Note: This should only be used for visualization not pipeline building.
- Adaptive Windowing Segmentation
A sliding windowing technique with adaptive sizing. This will find the largest point after min_segment_length that is above the threshold. That point will be considered the end of the segment.

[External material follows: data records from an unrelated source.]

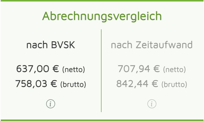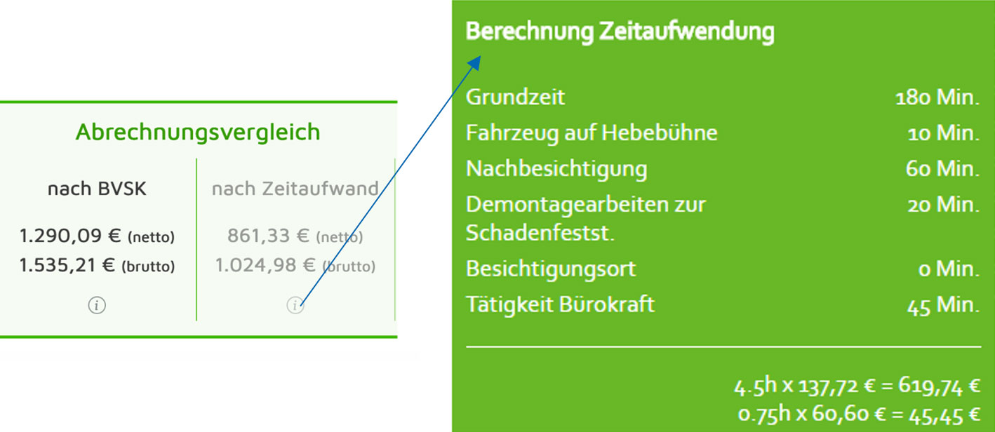 Um die Zeitaufwandsermittlung-Ermittlung transparenter zu gestalten oder zu erklären, besteht die Möglichkeit, über das Info-Icon unter dem Abrechnungsvergleich die Berechnung des Zeitaufwands sowie die verwendeten Stundensätze einzusehen.
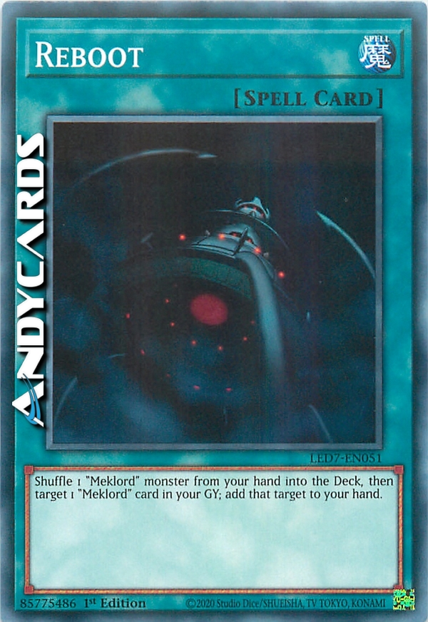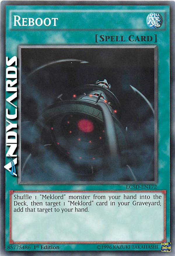 Mischia 1 mostro "Meklord" dalla tua mano nel Deck, poi scegli come bersaglio 1 carta "Meklord" nel tuo Cimitero; aggiungi quel bersaglio alla tua mano.
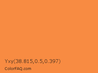 Yxy 38.815,0.5,0.397 Color is a light orange color and the nearest color is Jaffa #ef863f. Hex code #f88b42 and RGB value is rgb(248,139,66). In RGB color space, this color is composed of 97% red, 55% green, 26% blue, In CMYK color space, this color is composed of 0% cyan, 44% magenta, 73% yellow , 3% black , In HSL color space, this color has a hue angle of 24° , 93% saturation and 62% lightness.
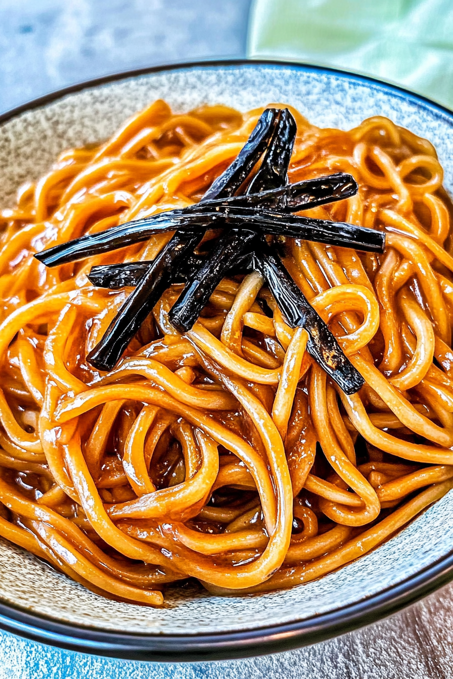 Reduce the heat to low and simmer the scallion oil for 1 minute, then remove from the heat. - Cook the Noodles:
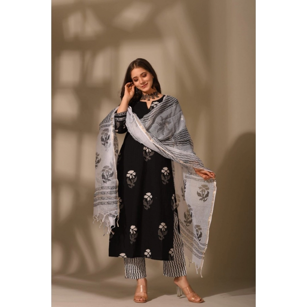 NariHaat Womens Black Floral Cotton Kurti Set with 3/4th Sleeves
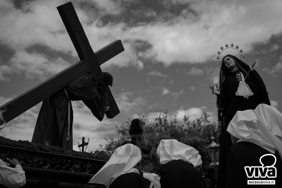 Alle 10.01 di venerdì 18 aprile si è rinnovato, a Bisceglie, il rito dell'Incontro tra la Madonna Addolorata e Gesù che porta la Croce. Le due statue, condotte a spalla dalle arciconfraternite di San Giuseppe e della Madonna Addolorata, accompagnata dall'associazione femminile dell'addolorata e dalla confraternita dei Santi Martiri sul palco allestito all'incrocio tra via Bovio e via Imbriani, si sono avvicinate nel silenzio delle migliaia di persone assiepate dietro le transenne.Uno dei riti più sentiti dalla Comunità biscegliese, che come ogni anno ha assistito numerosa al rito, pregando insieme all'Arcivescovo Sua Eccellenza, Mons. Leonardo D'Ascenzo.
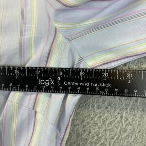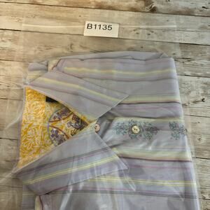 Robert Graham Flip Cuff Shirt Womens Small Blue Embroidered Floral Striped Top

If no points are above the threshold before reaching max segment length, then the segment will stop at max_segment_length
- Parameters
input_data (DataFrame) – The input data.
columns_of_interest (str) – The stream to use for segmentation.
group_columns ([ str ]) – A list of column names to use for grouping.
max_segment_length (int) – This is the maximum number of samples a segment can contain.
min_segment_length (int) – segment can contain.
threshold (int) – The threshold must be met to start looking for the end of the segment early. If the threshold is not met, the segment ends at the max_segment_length
absolute_value (bool) – Takes the absolute value of the sensor data prior do doing the comparison
return_segment_index (False) – Set to true to see the segment indexes for start and end.